In this notebook, we investigate the Thailand Drug Offenses dataset using a variety of data analysis techniques.

# Import Libraries

In [None]:
import numpy as np # linear algebra
import pandas as pd # data processing, CSV file I/O (e.g. pd.read_csv)
import os

import matplotlib.pyplot as plt
import matplotlib.colors as colors

import seaborn as sns

from urllib.request import urlopen

import geojson
import geopandas as gpd
import geoplot as gplt
import geoplot.crs as gcrs

from ipywidgets import interact

# Load Dataset

In [None]:
df = pd.read_csv("/kaggle/input/thailand-drug-offenses-2017-2022/thai_drug_offenses_2017_2022.csv")
df.head()

Whenever working with data, it is important to understand what the different column variates mean. From the dataset brief, we get the following information about the columns:

* `fiscal_year`: The fiscal year during which the drug offenses were recorded.

* `types_of_drugs_offenses`: The specific type or category of drug offense being reported. The types include drug use cases, suspects in drug use cases, possession cases, suspects in possession cases, possession with intent to distribute cases, suspects in possession with intent to distribute cases, trafficking cases, suspects in trafficking cases, production cases, suspects in production cases, import cases, suspects in import cases, export cases, suspects in export cases, conspiracy cases, and suspects in conspiracy cases.

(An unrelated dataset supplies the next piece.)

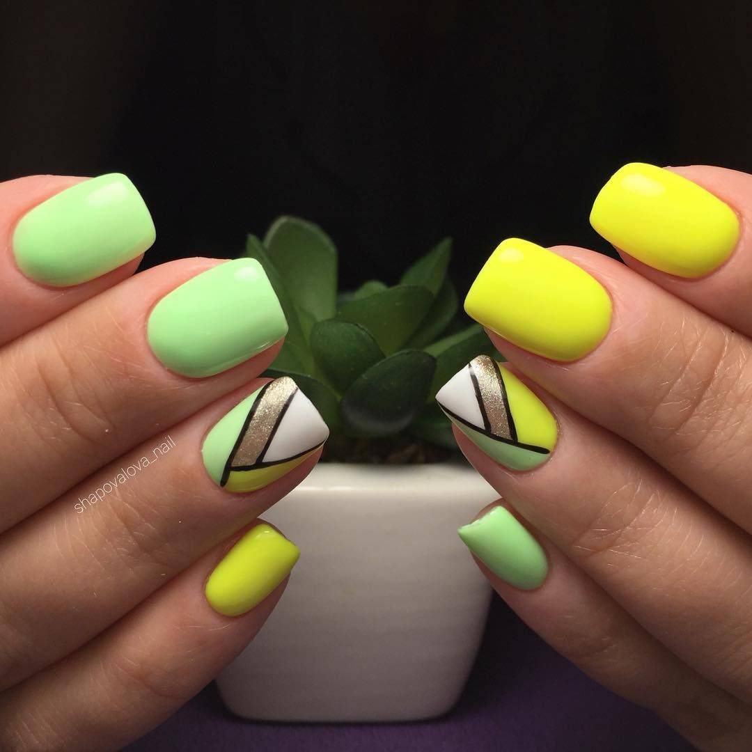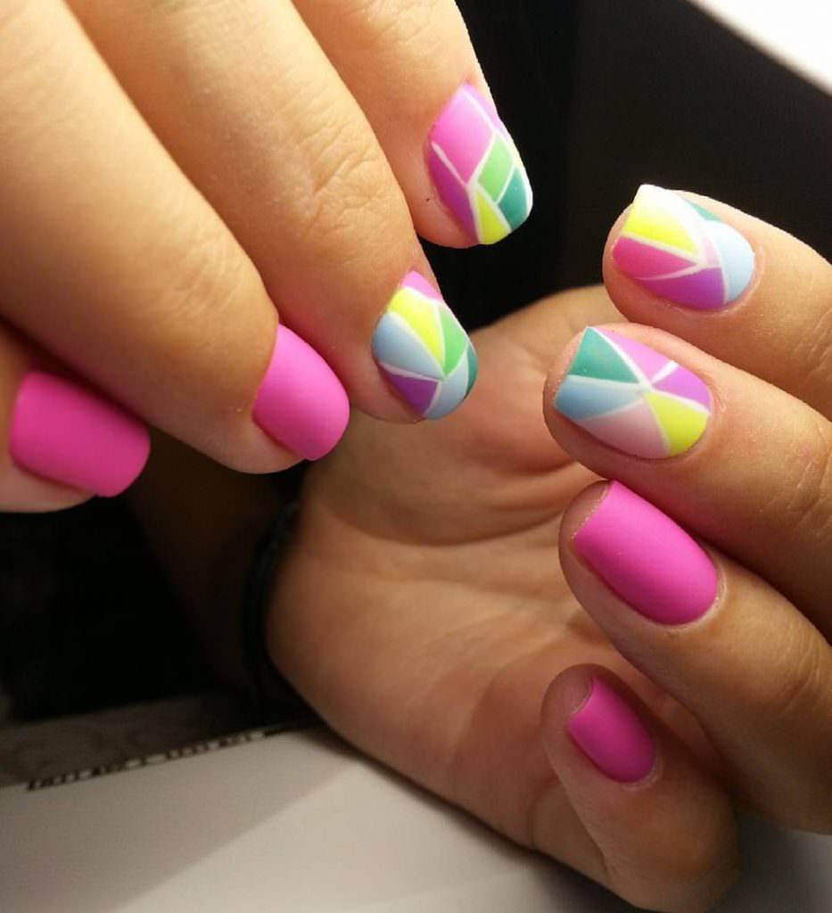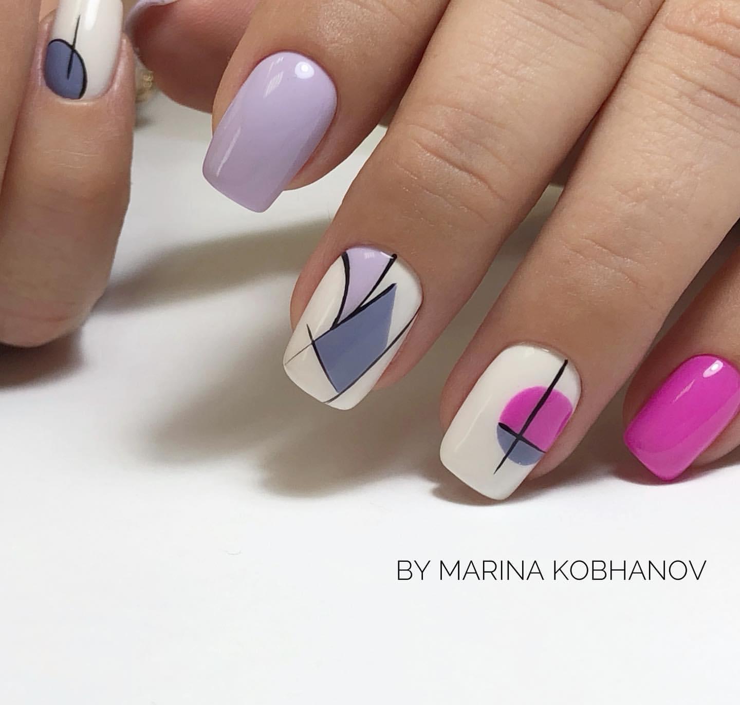 В частности, это персиковые, бежевые, голубые и другие более яркие и сочные оттенки. В маникюре геометрия стоит попробовать использовать разные подходы к нанесению рисунка. Вы можете сделать более классический вариант, а можно наоборот что-то яркое и броское.

* `no_cases`: The total number of cases recorded for the specific combination of fiscal year, type of drug offense, and province.

* `province_th`: The name of the province in Thailand, written in Thai.

* `province_en`: The name of the province in Thailand, written in English.

Let's also get information about the dataset - namely the number of non-null values and shape of the dataset:

In [None]:
df.info()

We see that there are no missing values. We should also identify the unique values for each categorical column, including fiscal year:

In [None]:
for col in ["fiscal_year", "types_of_drug_offenses", "province_th", "province_en"]:
    print(f"For column {col}, there are {len(df[col].unique())} unique values:")
    print(list(df[col].unique()))
    print()

# Exploratory Data Analysis

For this notebook, we will use the geojson for Thailand's provinces, which is available in [this GitHub repository](https://gist.github.com/jeepkd/4e31e6a10f8297b9de50c62856927ecf?short_path=ac424e6).

In [None]:
geojson_link = "https://gist.githubusercontent.com/jeepkd/4e31e6a10f8297b9de50c62856927ecf/raw/9899d9f1ca4cd7c5f103a9b2455d9a01f0c8f895/thailand.json"
with urlopen(geojson_link) as url:
    gdf = gpd.read_file(url)

## Fiscal Year

We first investigate the amount of data across each fiscal year.

In [None]:
sns.countplot(data=df, x="fiscal_year")
plt.show()

From this, we see that the amount of data for each fiscal year is the same across all 6 years. We might also expect that the amount of data for each fiscal year is the same across the different drug categories as well:

In [None]:
plt.figure(figsize=(10, 10))
sns.countplot(data=df, x="fiscal_year", hue="types_of_drug_offenses")
plt.show()

We see that our suspicion is confirmed. Specifically, the count for each `(year, province)` pair is exactly the number of provinces in Thailand, which is 77.

## Drug Use Cases

Let's investigate the drug use cases across the different fiscal years and provinces. We can first plot the aggregate data for each fiscal year across all the provinces:

In [None]:
df_grouped = df[df["types_of_drug_offenses"].eq("drug_use_cases")].groupby(by="fiscal_year")["no_cases"].sum()
sns.lineplot(data=df_grouped)
plt.show()

We might also want to get the corresponding data for each province as well:

In [None]:
plt.figure(figsize=(15,30))
df_filtered = df[df["types_of_drug_offenses"].eq("drug_use_cases")]
sns.lineplot(data=df_filtered, x="fiscal_year", y="no_cases", hue="province_en")
plt.show()

## Preprocessing GeoJSON Data

This graph is understandably very messy, given that we are plotting data for 77 provinces. A better visualization might be to use a heatmap of the provinces in Thailand for each fiscal year.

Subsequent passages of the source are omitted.